[Printing-architecture] [Announcement] IPP Sample Tutorial (using an AppImage)
kurt.pfeifle at googlemail.com
Fri Jan 5 20:27:35 UTC 2018
Attn., cross-posting ahead about this
I've sent the same message to the "cups" / "cups-devel" lists too.
Just right for the start of 2018 I want to introduce two little things to
you all. I created...
* ...a prototype of an 'AppImage' package for the IPP Sample software
* ...a short mini-tutorial introducing some of the IPP Sample utilities.
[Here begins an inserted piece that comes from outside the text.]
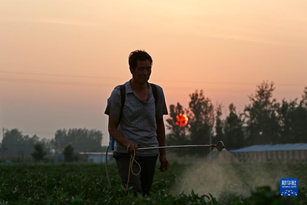 6月25日,村民在河南省安陽市內黃縣龍慶街道西沈村的辣椒田里噴灑農藥。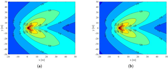 Acoustic field estimated on an area 70 × 100 m (1% of acoustic efficiency). The engine is located at the origin of the axes (0,0), while the plume is oriented along the positive x-coordinate. (a) Un-weighted OASPL. (b) A-weighted OASPL.

An AppImage is a cross-distro Linux packaging method which follows the
philosophy of "One App == One File".
Imagine a macOS ".app" AppDir (application directory) which holds all the
required files for the application at runtime that are not provided by the
base system in the default installation. A Linux AppImage provides a
similar structure -- but with the added improvement of keeping everything
in a single SquashFS-compressed image. This saves disk space and makes
managing the file trivially easy. When executed, the AppImage gets mounted
automatically and its payload application gets invoked by an embedded
"AppRun". Apple and Mac users will most likely feel very comfortable with
The AppImage technology is not a competitor to the Snap and Flatpak
packaging, but it is a different thing altogether:
+ It is not and does not want to be a package manager.
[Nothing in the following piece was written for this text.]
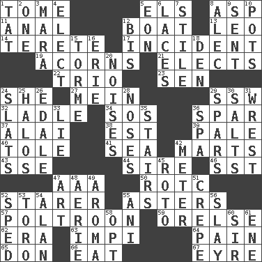 ACROSS 1. Heavy book 5. Raised railways 8. Viper 11. Of or related to the anus 12. Water vessel 13. Lion 14. Cigar-shaped 17. Event 19. Oak nuts 21. Opts 22. Musical group of three 23. Elected rep. 24. A female animal or person 27. Chow _ 29. Compass dir. 32. Dipping utensil 34. Mayday 36. Practice fight 37. Mountain range southwest of Kyrgyzstan 38. Eastern Standard Time (abbr.) 39. Diluted with white 40. Lacquered or enameled metalware 41. Ocean 42. Shops 43. Compass dir. 44. Beget 46. Fast jet (abbr.) 47. Auto club (abbr.) 50. College mil. group 52. A viewer who gazes fixedly 55. Michaelmas daisies 57. Characterized by complete cowardliness 59. Threatening words 62. Period 63. Body of Kaffir warriors 64. Ache 65. Spanish title 66. Ingest 67. Jane of fiction DOWN 1. Make lace 2. Single 3. Hindu Mythology: god of death 4. Voters do this 5. Age 6. Shoestrings 7. Vertical member of a panel or frame 8. Actor Baldwin 9. Posted 10. Cooking vessels 12. Again 15. Singer Mel 16. 4th largest of the Great Lakes 18. Lair 20. Annoying sounds 24. Narrow boards 25. Rings 26. Peak District village in England 28. Olfactory organs 29. Practice fights 30. Table seasonings 31. Obtain by seizing forcibly or violently 33. Whopper 35. Flight of steps 36. Health resort 42. Distance measurement 45. Printing process, for short 47. Nonscientific branch of learning 48. Nest on high 49. Odor 51. Streamer paper 52. Moved rapidly 53. "Corrida" creature 54. ____ Jay Lerner 55. Black tropical American cuckoo 56. Kill 58. Elect 60. Title for a knight 61. Compass dir.

+ It does not need any specific preparation for the target system in
order to work.
+ It does not require any extra framework or runtime environment to be
present in order to function.
+ It does not need "installation".
+ It does not need root privileges for preparing it to work on a system
-- runs completely in user space.
+ Not being a "package", it simply is an executable which directly runs
on almost any recent Linux distro from the last 3 years.
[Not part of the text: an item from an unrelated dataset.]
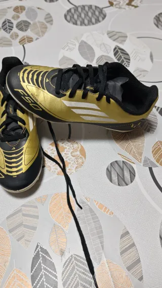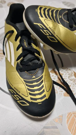 Botas de fútbol Adidas Leo Messi para niño en talla 34. Color dorado. - Diseño inspirado en Leo Messi. - Cierre con cordones.

+ It can run from any location (USB thumb drives -- even from remote
+ It can run different versions of the same software without conflict.
+ It usually saves disk space (IPP Sample "installed" the traditional
way occupies about 22 MByte on disk; my equivalent AppImage takes only
+ It does not mess with a sytem's core libraries and leaves them alone
and untouched, leaving $PackageManager in firm control over them.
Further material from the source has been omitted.